Effortless English Archives

Automatic English For The People

Friday, March 03, 2006

Landon Donovan or Ronaldhino?

by AJ

"We are not prepared....

WE pay ever more lip-service to 'people power', even as we cling to our longstanding penchant for hiring and cultivating obedient 'employees'.


We must understand that, in an age when value-added flows from creativity, a quirky, energetic, and (yes) disobedient 'talent pool' has become the primary basis of competitive advantage... perhaps the only basis for competitive advantage."

--Tom Peters

Quirky, energetic, disobedient. That describes the few inspiring teachers Ive had in my life. I think, for example, of AUA's Thai language program. Most of the teachers were "good", no doubt about it. But there were a few that were great... not only energetic and fun, but also wholeheartedly dedicated to their students. What a difference they made. I went out of my way to attend their classes, even when it was inconvenient for my schedule. I wasnt the only one. Certain teachers always had full classes.

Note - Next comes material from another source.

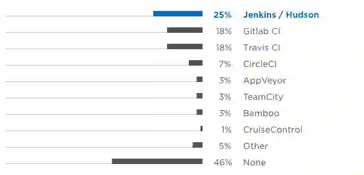将近一半 Python 用户不使用任何 CI 方案。Python 世界中最受欢迎的三个 CI 解决方案是 Jenkins,Gitlab CI 和 Travis。

This isnt a criticism of the "good" ones. Its just that "good" is not good enough. Here in San Francisco, every English school in the city has "good" teachers, no doubt. Im sure they use "good" textbooks too (though I consider this an oxymoron). Good is normal. Good is average.

A "good" teacher comes to class on time, works through the textbook diligently, and throws in a few "communication activities". A good teacher is basically a nice person. Students are not inspired by "good". They dont seek out good. They dont leave their old school to transfer to another "good" one. They dont rearrange their schedule to attend a good teacher's class.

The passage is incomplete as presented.